We don’t stop progress, as we say among the “open-minded”.
The Santa Claus parade in the streets of Montreal on November 19 just eliminated the star fairy so feminine, so friendly, so demure and so sociable, to sweep her through Barbada, Quebec’s drag queen of the hour substitute.
This spectacular female caricature is the pure product of the imagination of supposedly emancipated men who, however, produce the most banal clichés of the female body. With an excessively made-up face, a dress with a low neckline, false nails with painted claws and a voice with hysterical tones, this transformation of the artist is clearly very trendy.
This Barbada, née Sébastien Potvin, has real multi-talents, of which she benefits the youngest children, enchanting and intriguing by telling them stories in libraries and public day care centers in Quebec.
open-mindedness
Drag queen haters aside, as Barbada describes its detractors, Quebecers are known to be willing to take anything.
At the next televised parade, Quebec kids can say goodbye to the Star Fairy, that old thing from the days of triumphant patriarchy. Leave this heterosexual nunuche, Santa’s assistant, whose evil adult tongues whispered that she would give the old man small treats thanks to his magic wand.
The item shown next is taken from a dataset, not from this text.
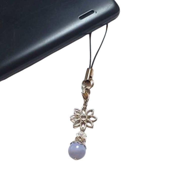 ブルーレースアゲート パワーストーンストラップ 天然石 水晶 クリスタル 花 シルバー 金具銀色 携帯ストラップ スマホ お守り プレゼント ラッピング無料 メール便 送料無料 アクセサリー

And also ended the stereotypical fairy reassuring little ones scared by Santa Claus.
With this ideology of inclusion and diversity, we shouldn’t be surprised if in a few years we’ll see a slimmer, girlier Santa Claus, and who knows, maybe in a faux-fur swimsuit, obviously where he’s sitting in an allegorical float playing the role of the Star Fairy is reserved for the man.
Of course, progressive LGBTQ feminism has a future ahead of it.